## LISTED ENTRIES
-=-=-
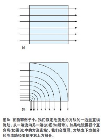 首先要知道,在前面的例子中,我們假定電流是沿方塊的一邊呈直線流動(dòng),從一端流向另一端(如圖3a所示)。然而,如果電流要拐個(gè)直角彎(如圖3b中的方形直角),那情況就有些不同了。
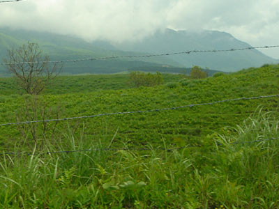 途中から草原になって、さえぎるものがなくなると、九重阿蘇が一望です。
-=-=-
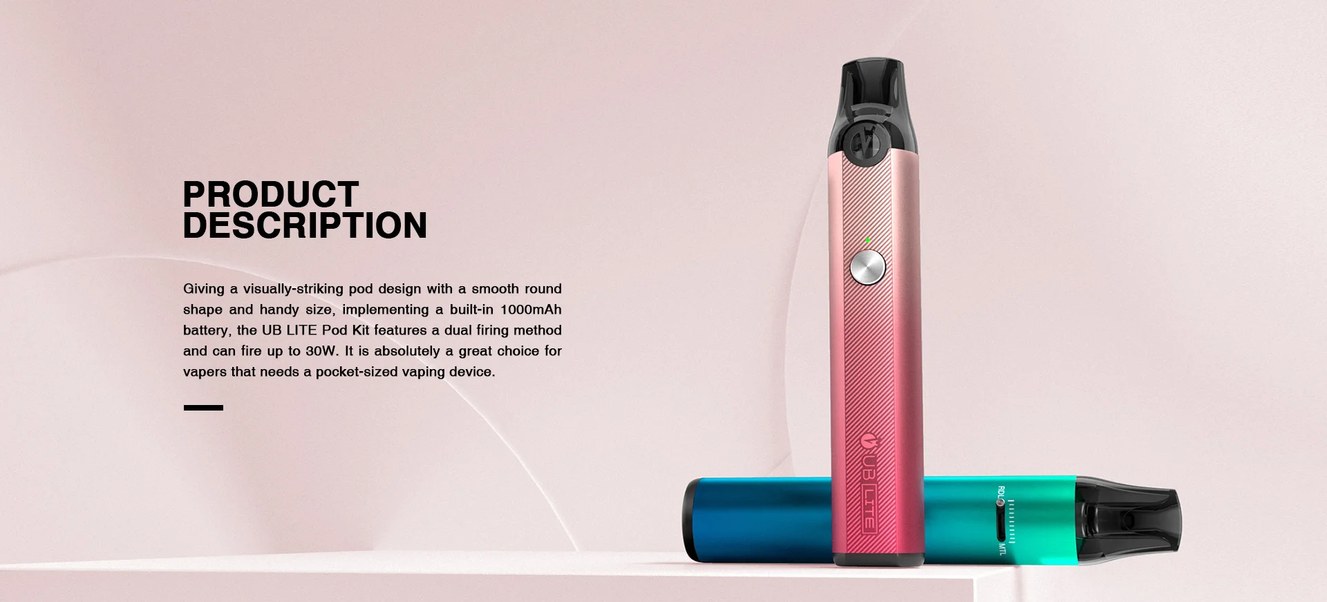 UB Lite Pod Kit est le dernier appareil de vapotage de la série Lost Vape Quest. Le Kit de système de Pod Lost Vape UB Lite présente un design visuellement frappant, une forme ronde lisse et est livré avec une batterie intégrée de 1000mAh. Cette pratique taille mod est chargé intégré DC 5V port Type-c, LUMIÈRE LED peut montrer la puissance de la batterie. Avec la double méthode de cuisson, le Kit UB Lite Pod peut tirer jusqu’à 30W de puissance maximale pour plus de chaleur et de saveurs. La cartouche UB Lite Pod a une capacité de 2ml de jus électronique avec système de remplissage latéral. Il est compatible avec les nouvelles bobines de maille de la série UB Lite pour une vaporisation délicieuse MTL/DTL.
-=-=-
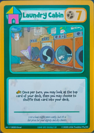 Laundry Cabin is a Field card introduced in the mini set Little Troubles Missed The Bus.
-=-=-
## ACTIVITY
Starting from the line with "首先要知道,在前面的例子中,我們假定電流" in the records above, repeat each line exactly until you have written the line with "途中から草原になって、さえぎるものがなくなると、九重阿蘇が一望です。", then stop; drop the pictures.

## SOLUTION FOR THIS TASK
 首先要知道,在前面的例子中,我們假定電流是沿方塊的一邊呈直線流動(dòng),從一端流向另一端(如圖3a所示)。然而,如果電流要拐個(gè)直角彎(如圖3b中的方形直角),那情況就有些不同了。
 途中から草原になって、さえぎるものがなくなると、九重阿蘇が一望です。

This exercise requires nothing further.